Equivariant representations for molecular Hamiltonians and N-center atomic-scale properties

TL;DR

This paper introduces N-centers equivariant descriptors for molecular Hamiltonians, enabling machine learning models to efficiently predict quantum properties involving multi-atom interactions with symmetry considerations.

Contribution

It generalizes atom-centered density features to N-centers, allowing for symmetry-aware learning of multi-atom quantum properties like Hamiltonian matrix elements.

Findings

N-centers features are fully equivariant under translation, rotation, and permutation.

The approach efficiently learns matrix elements of the single-particle Hamiltonian.
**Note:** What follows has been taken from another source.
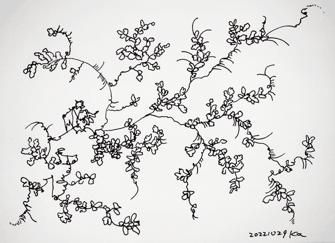 29日目 困ったときの適当ドローイング。 手に任せると、植物っぽくなりがち。 使用画材 ・呉竹絵てがみ墨滴 ・ガラスペン #inktober #inktober2022 #inktober2022day29 #kuretake_inktober #kuretake_inktober2022 #kuretakeinktober2022_giveaway

Applicable to a new class of molecular and material properties.

Abstract

Symmetry considerations are at the core of the major frameworks used to provide an effective mathematical representation of atomic configurations that is then used in machine-learning models to predict the properties associated with each structure. In most cases, the models rely on a description of atom-centered environments, and are suitable to learn atomic properties, or global observables that can be decomposed into atomic contributions. Many quantities that are relevant for quantum mechanical calculations, however -- most notably the single-particle Hamiltonian matrix when written in an atomic-orbital basis -- are not associated with a single center, but with two (or more) atoms in the structure. We discuss a family of structural descriptors that generalize the very successful atom-centered density correlation features to the N-centers case, and show in particular how this construction can be applied to efficiently learn the matrix elements of the (effective) single-particle Hamiltonian written in an atom-centered orbital basis. These N-centers features are fully equivariant -- not only in terms of translations and rotations, but also in terms of permutations of the indices associated with the atoms -- and are suitable to construct symmetry-adapted machine-learning models of new classes of properties of molecules and materials.